Go through the data below and repeat it exactly, skipping each picture.

═══ Material provided ═══

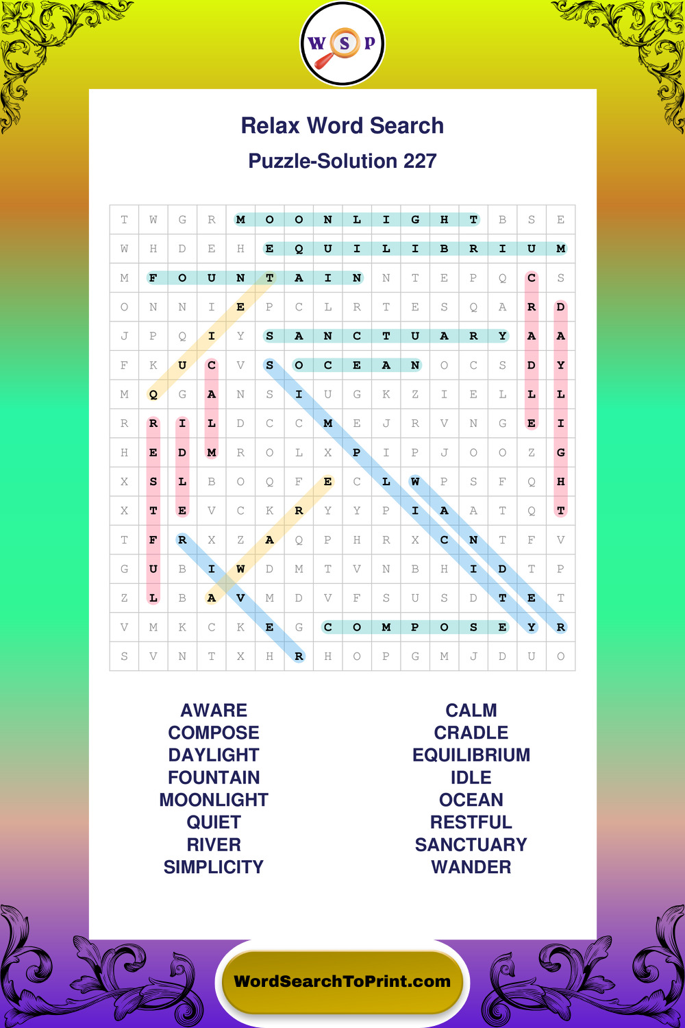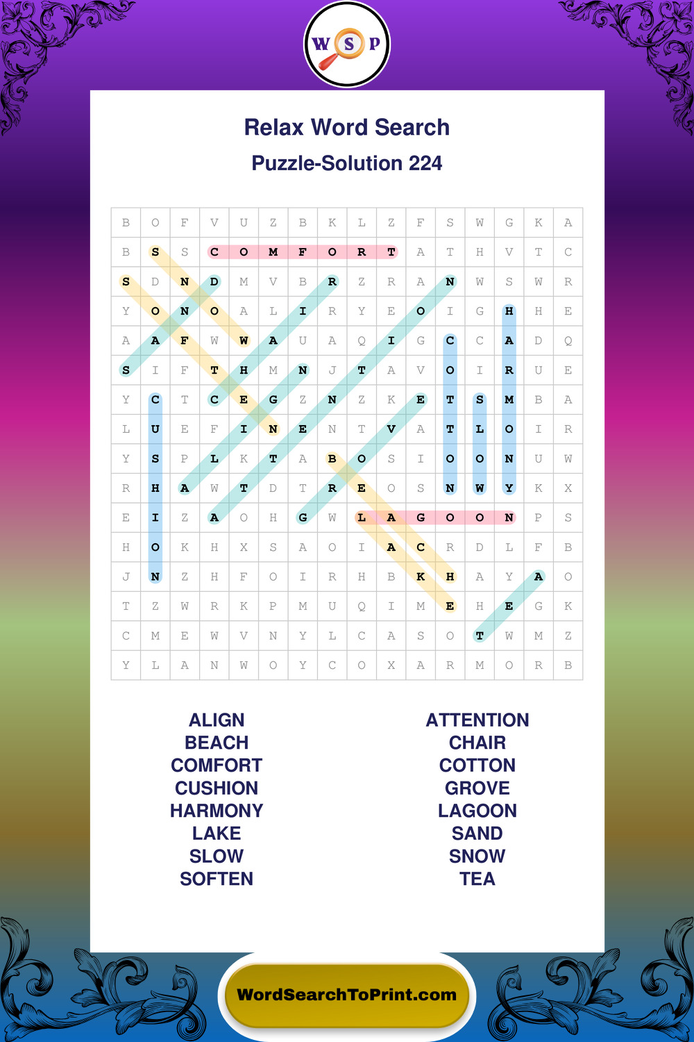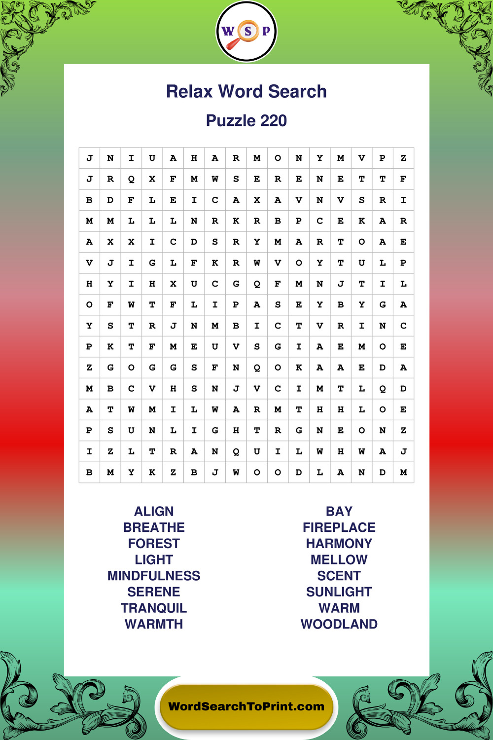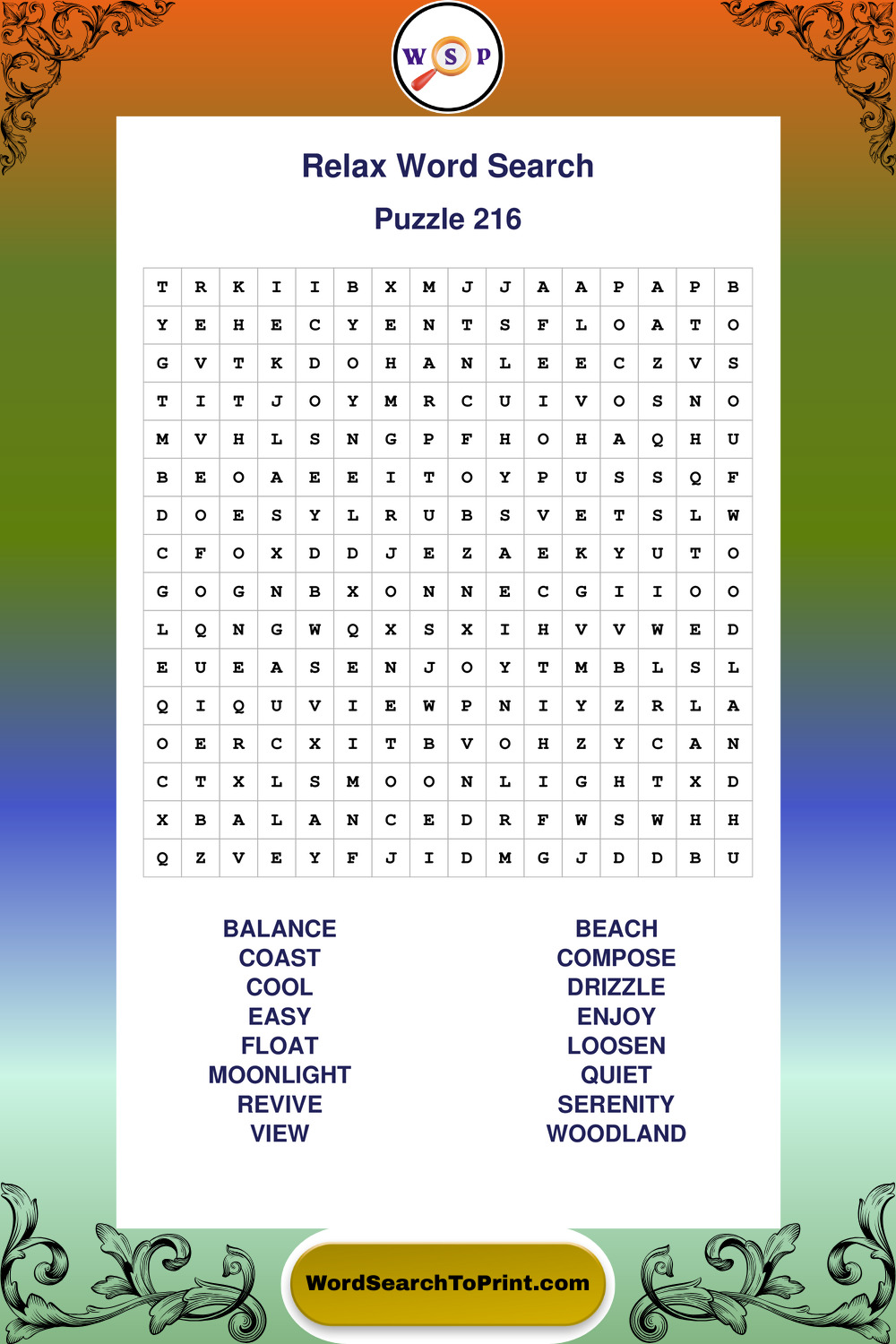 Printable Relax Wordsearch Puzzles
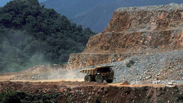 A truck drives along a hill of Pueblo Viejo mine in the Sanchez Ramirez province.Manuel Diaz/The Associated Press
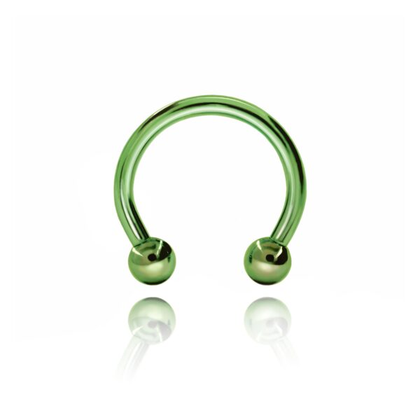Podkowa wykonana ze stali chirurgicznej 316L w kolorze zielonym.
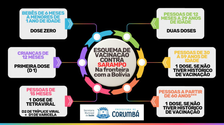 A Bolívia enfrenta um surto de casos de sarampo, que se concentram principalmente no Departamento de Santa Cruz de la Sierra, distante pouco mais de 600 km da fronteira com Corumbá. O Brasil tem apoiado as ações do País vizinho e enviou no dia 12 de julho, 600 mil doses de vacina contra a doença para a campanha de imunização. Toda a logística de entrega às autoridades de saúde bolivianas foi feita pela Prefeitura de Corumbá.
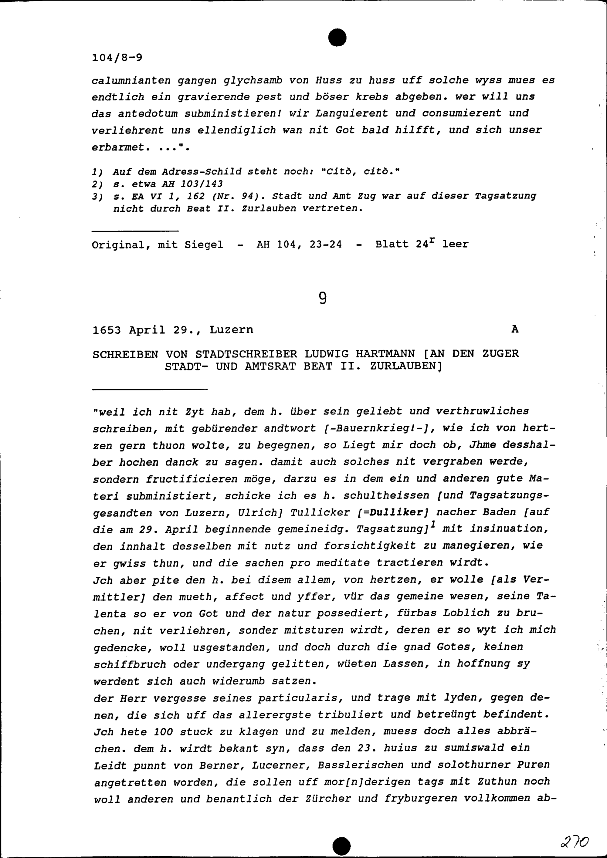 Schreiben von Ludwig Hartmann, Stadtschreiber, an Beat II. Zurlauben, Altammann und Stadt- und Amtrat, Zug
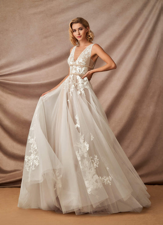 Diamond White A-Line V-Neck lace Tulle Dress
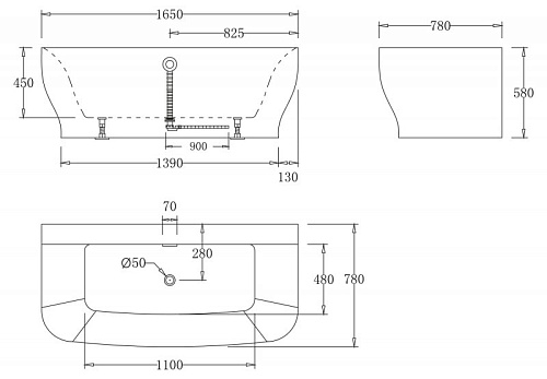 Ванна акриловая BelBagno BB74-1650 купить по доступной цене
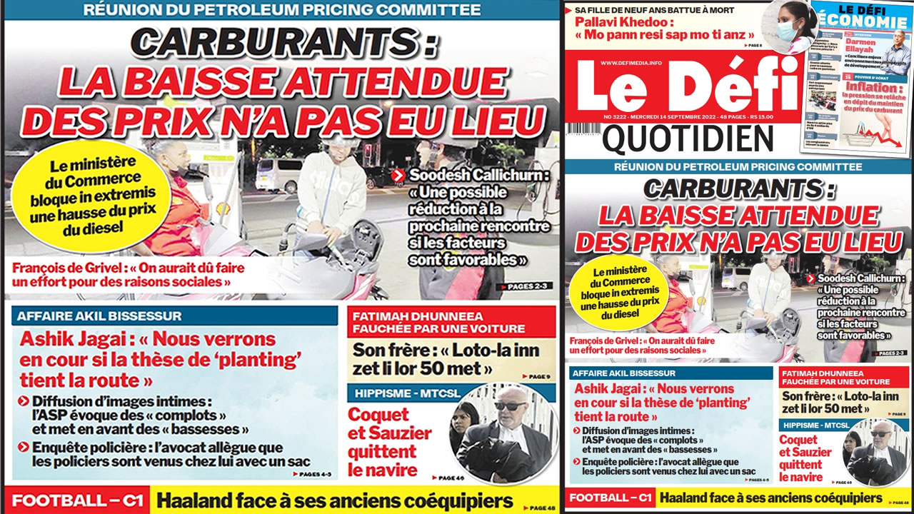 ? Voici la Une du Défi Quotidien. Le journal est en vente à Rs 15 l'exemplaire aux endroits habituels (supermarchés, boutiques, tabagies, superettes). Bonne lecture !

═══

**Result of the task**
 Printable Relax Wordsearch Puzzles
 A truck drives along a hill of Pueblo Viejo mine in the Sanchez Ramirez province.Manuel Diaz/The Associated Press
Podkowa wykonana ze stali chirurgicznej 316L w kolorze zielonym.
 A Bolívia enfrenta um surto de casos de sarampo, que se concentram principalmente no Departamento de Santa Cruz de la Sierra, distante pouco mais de 600 km da fronteira com Corumbá. O Brasil tem apoiado as ações do País vizinho e enviou no dia 12 de julho, 600 mil doses de vacina contra a doença para a campanha de imunização. Toda a logística de entrega às autoridades de saúde bolivianas foi feita pela Prefeitura de Corumbá.
 Schreiben von Ludwig Hartmann, Stadtschreiber, an Beat II. Zurlauben, Altammann und Stadt- und Amtrat, Zug
 Diamond White A-Line V-Neck lace Tulle Dress
 Ванна акриловая BelBagno BB74-1650 купить по доступной цене
 ? Voici la Une du Défi Quotidien. Le journal est en vente à Rs 15 l'exemplaire aux endroits habituels (supermarchés, boutiques, tabagies, superettes). Bonne lecture !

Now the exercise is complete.